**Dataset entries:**

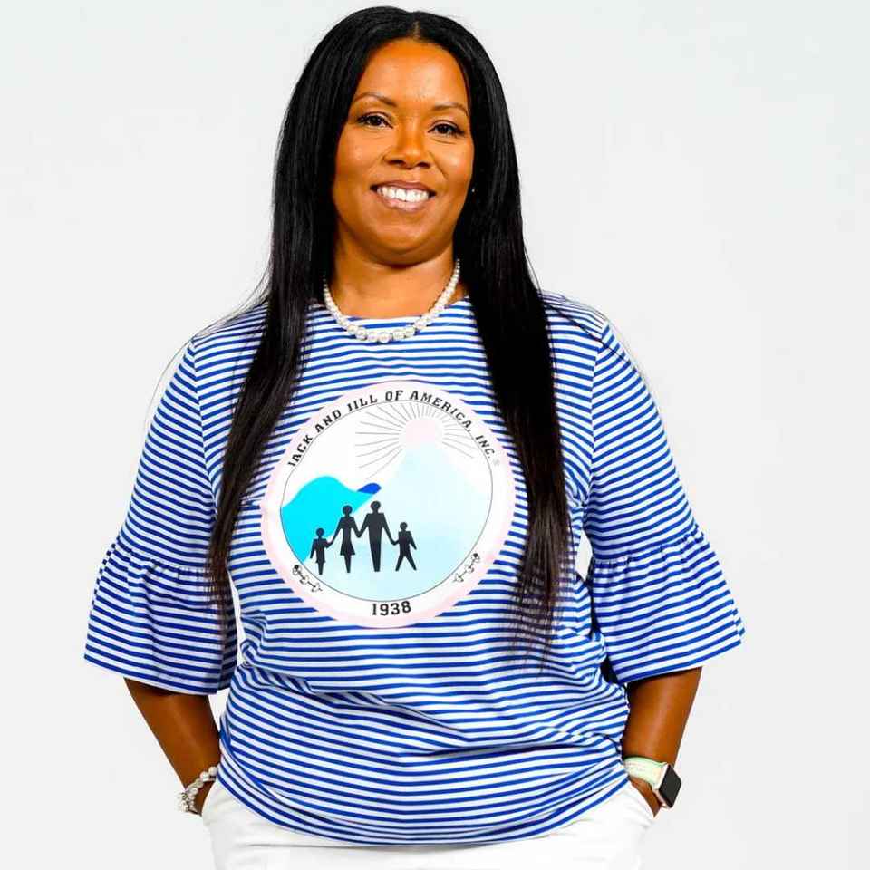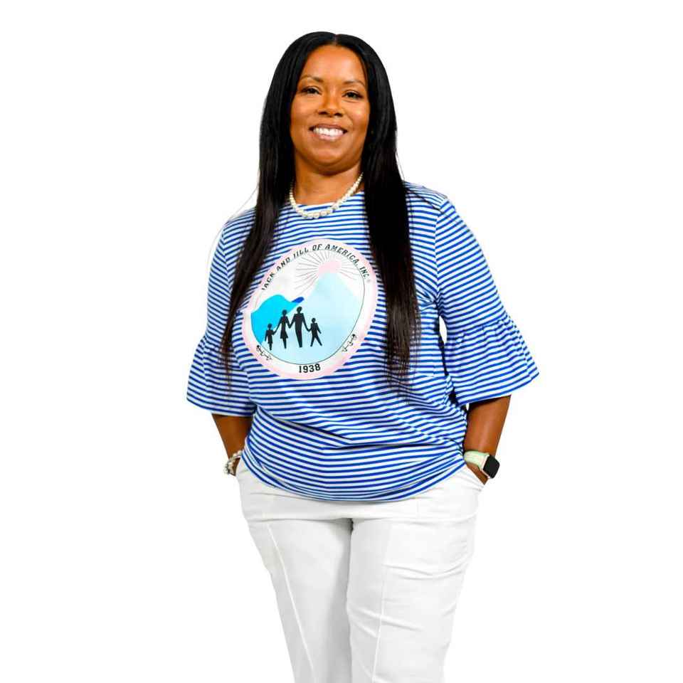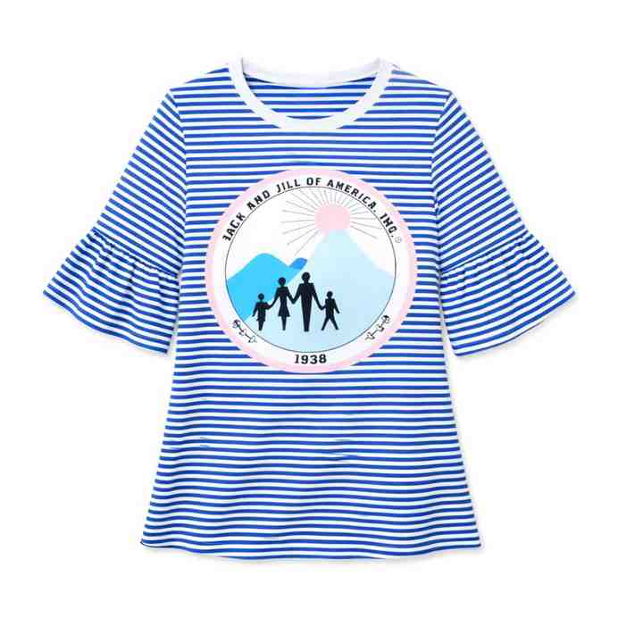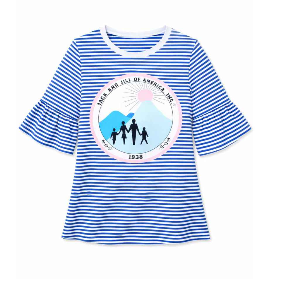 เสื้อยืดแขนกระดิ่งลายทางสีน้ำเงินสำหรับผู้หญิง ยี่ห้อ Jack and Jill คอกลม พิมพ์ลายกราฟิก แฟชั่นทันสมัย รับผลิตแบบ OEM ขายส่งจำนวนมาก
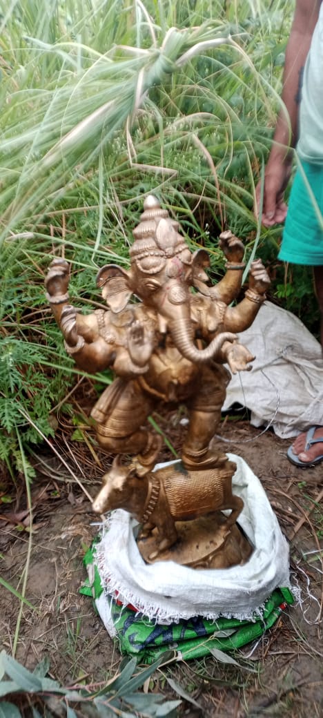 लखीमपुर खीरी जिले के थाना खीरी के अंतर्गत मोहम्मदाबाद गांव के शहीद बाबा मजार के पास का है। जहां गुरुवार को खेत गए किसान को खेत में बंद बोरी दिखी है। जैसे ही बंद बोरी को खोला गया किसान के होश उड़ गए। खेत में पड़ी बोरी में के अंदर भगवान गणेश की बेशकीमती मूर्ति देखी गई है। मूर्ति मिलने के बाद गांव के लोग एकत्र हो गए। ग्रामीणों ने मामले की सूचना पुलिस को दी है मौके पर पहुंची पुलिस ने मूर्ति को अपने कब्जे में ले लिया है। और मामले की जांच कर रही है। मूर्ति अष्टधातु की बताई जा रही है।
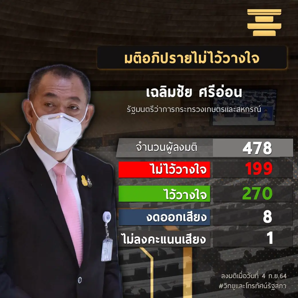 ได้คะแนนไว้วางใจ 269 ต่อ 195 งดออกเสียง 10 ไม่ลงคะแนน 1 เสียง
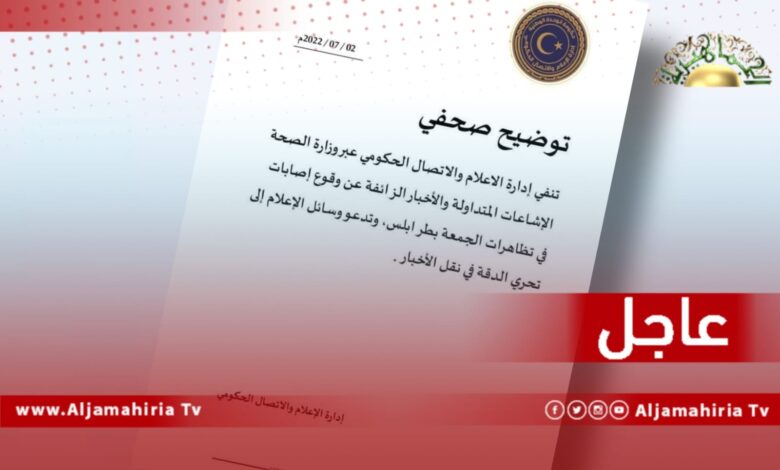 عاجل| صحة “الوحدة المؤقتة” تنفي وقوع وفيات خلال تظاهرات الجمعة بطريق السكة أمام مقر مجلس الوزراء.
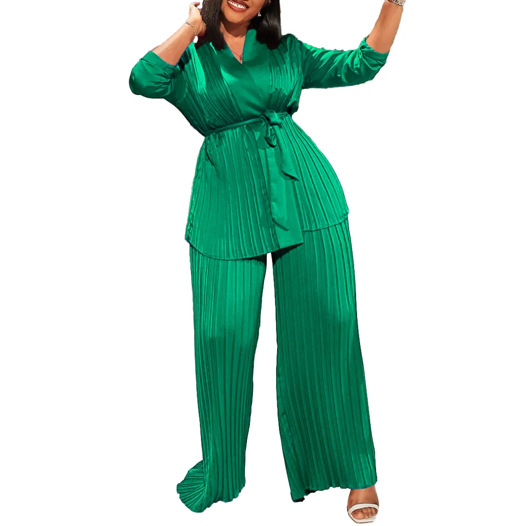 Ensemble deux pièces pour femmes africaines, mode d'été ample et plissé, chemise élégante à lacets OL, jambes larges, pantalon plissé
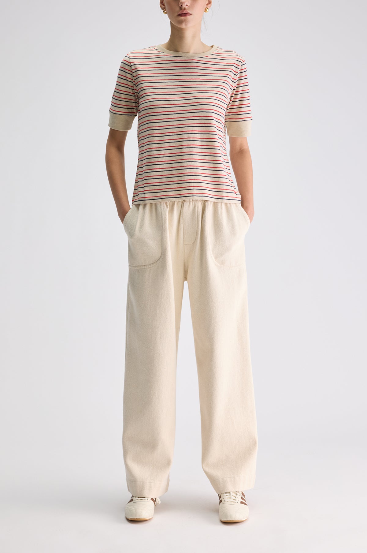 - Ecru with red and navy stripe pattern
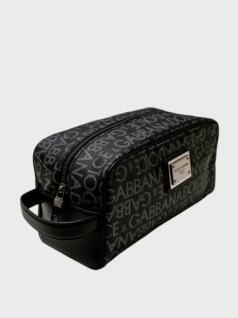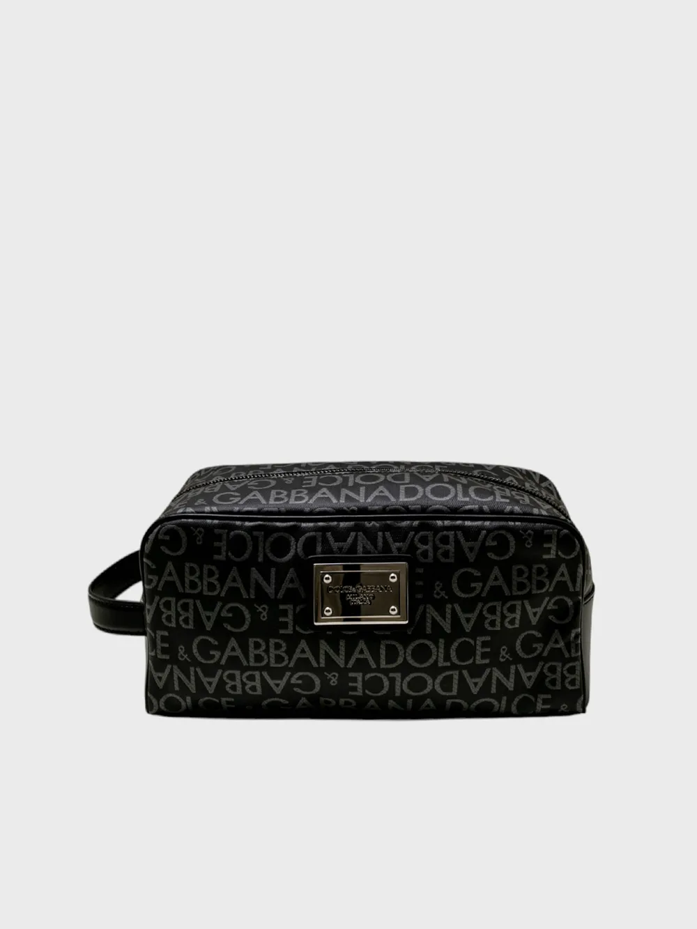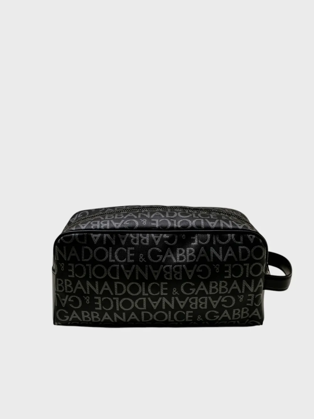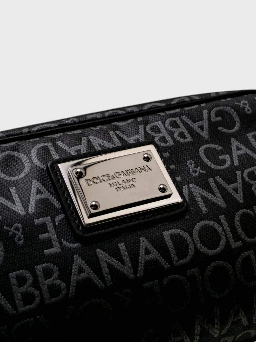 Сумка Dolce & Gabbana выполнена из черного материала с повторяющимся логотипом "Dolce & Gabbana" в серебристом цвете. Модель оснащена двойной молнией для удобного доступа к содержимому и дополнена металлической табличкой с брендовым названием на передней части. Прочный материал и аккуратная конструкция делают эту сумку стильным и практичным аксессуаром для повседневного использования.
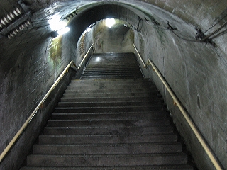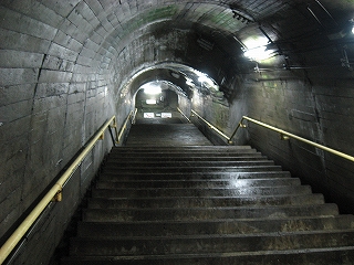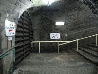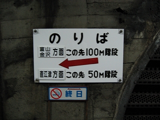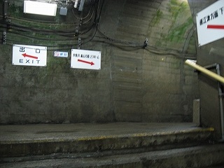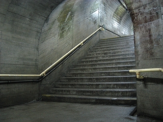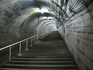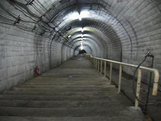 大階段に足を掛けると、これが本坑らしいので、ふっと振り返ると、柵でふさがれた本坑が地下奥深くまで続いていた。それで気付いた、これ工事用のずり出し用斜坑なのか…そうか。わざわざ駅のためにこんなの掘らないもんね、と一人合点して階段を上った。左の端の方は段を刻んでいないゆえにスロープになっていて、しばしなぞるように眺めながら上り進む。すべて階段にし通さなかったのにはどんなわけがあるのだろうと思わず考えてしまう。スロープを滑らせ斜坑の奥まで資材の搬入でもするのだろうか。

**Task to complete:**
Locate the line containing "- Ecru with red and navy stripe pattern" in the records above, then output it and every line after it through the last, excluding pictures.

**Response:**
 - Ecru with red and navy stripe pattern
 Сумка Dolce & Gabbana выполнена из черного материала с повторяющимся логотипом "Dolce & Gabbana" в серебристом цвете. Модель оснащена двойной молнией для удобного доступа к содержимому и дополнена металлической табличкой с брендовым названием на передней части. Прочный материал и аккуратная конструкция делают эту сумку стильным и практичным аксессуаром для повседневного использования.
 大階段に足を掛けると、これが本坑らしいので、ふっと振り返ると、柵でふさがれた本坑が地下奥深くまで続いていた。それで気付いた、これ工事用のずり出し用斜坑なのか…そうか。わざわざ駅のためにこんなの掘らないもんね、と一人合点して階段を上った。左の端の方は段を刻んでいないゆえにスロープになっていて、しばしなぞるように眺めながら上り進む。すべて階段にし通さなかったのにはどんなわけがあるのだろうと思わず考えてしまう。スロープを滑らせ斜坑の奥まで資材の搬入でもするのだろうか。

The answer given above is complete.